=== MATERIAL PROVIDED ===

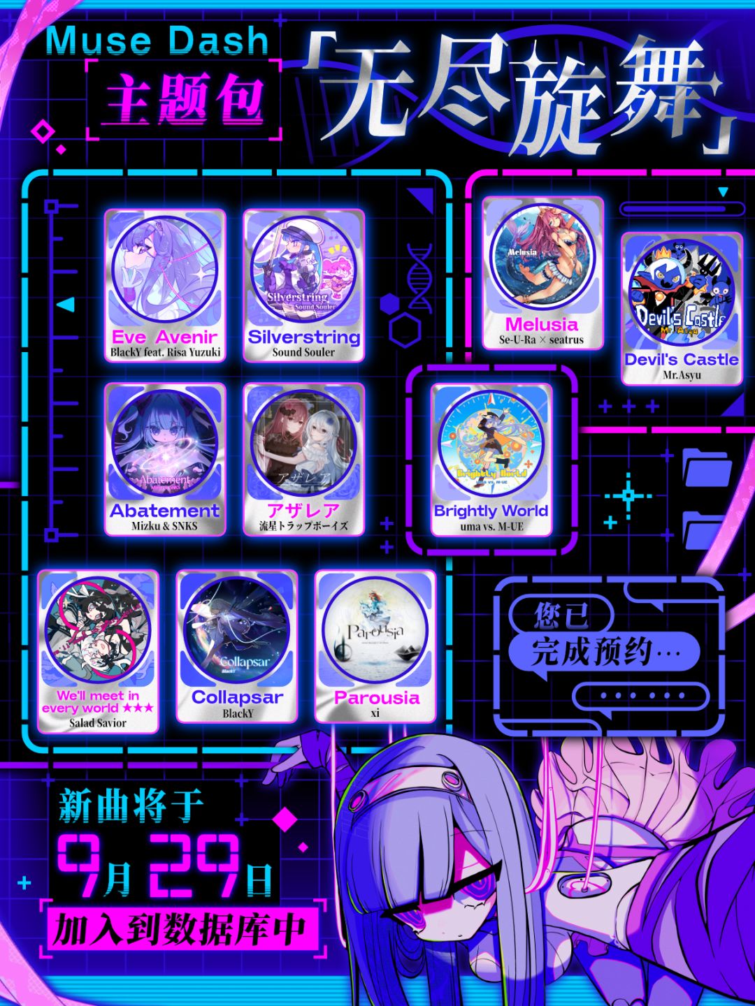 ・主题包「无尽旋舞」预约成功,将于 9 月 29 日加入到你的数据库
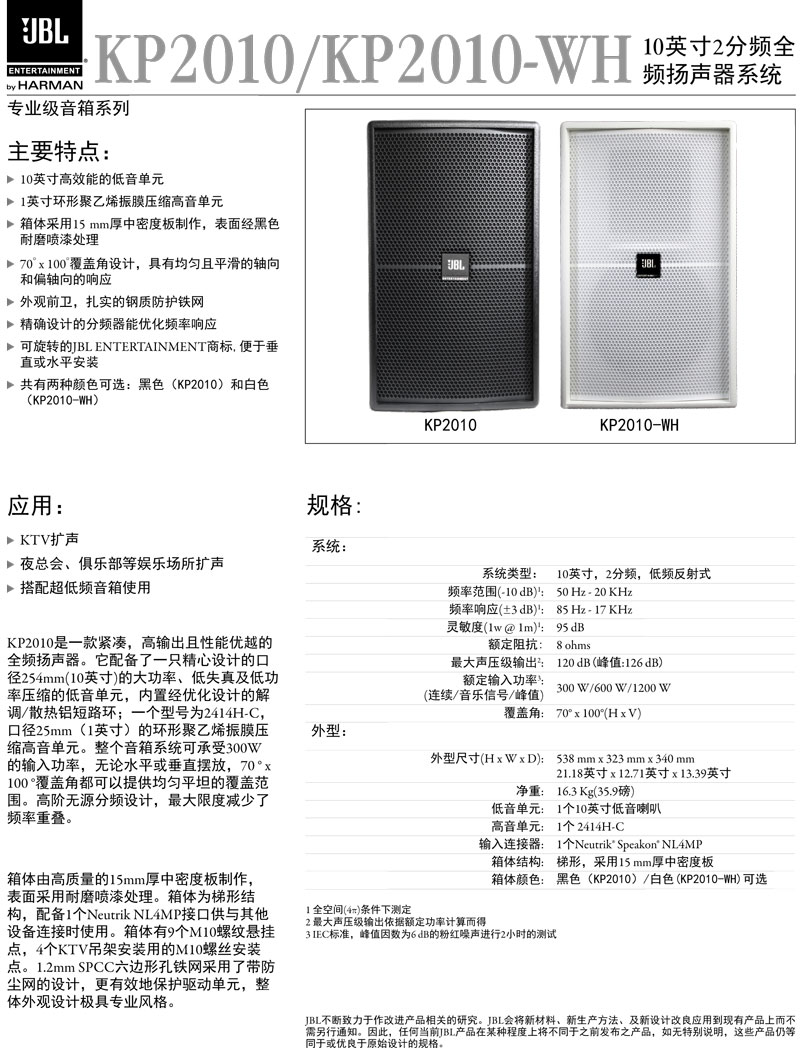 JBL KP2010 10英寸2分频全频扬声器系统
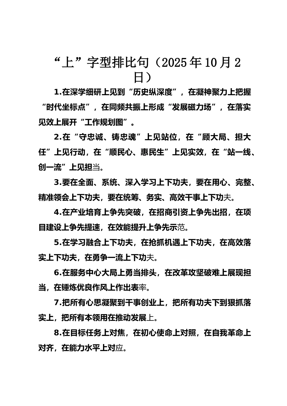 “上”字型排比句(2025年10月2日)1.在深學細研上見到“歷史縱深度”,在凝神聚力上把握“時代坐標點”,在同頻共振上形成“發(fā)展磁力場”,在落實見效上展開“工作規(guī)劃圖”。2.在“守忠誠、鑄忠魂”上見站位,在“顧大局、擔大任”上見行動,在“順民心、惠民生”上見實效,在“站一線、創(chuàng)一流”上見擔當。3.要在全面、系統(tǒng)、深入學習上下功夫,要在用心、完整、精準領會上下功夫,要在統(tǒng)籌、務實、高效干事上下功夫。4.在產業(yè)培育上爭先突破,在招商引資上爭先出招,在項目建設上爭先提速,在效能提升上爭先示范。5.在學習融合上下功夫,在搶抓機遇上下功夫,在高效落...
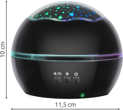 Rotujúca projekcia a voľba zo štyroch farieb (zelená, modrá, biela, červená) vytvárajú pôsobivé svetelné efekty na strope aj stenách.

===

*WHAT YOU SHOULD DO*.
From the first line above through the line containing "JBL KP2010 10英寸2分频全频扬声器系统", copy everything exactly, without the pictures.

*EXERCISE ANSWER*.
 ・主题包「无尽旋舞」预约成功,将于 9 月 29 日加入到你的数据库
 JBL KP2010 10英寸2分频全频扬声器系统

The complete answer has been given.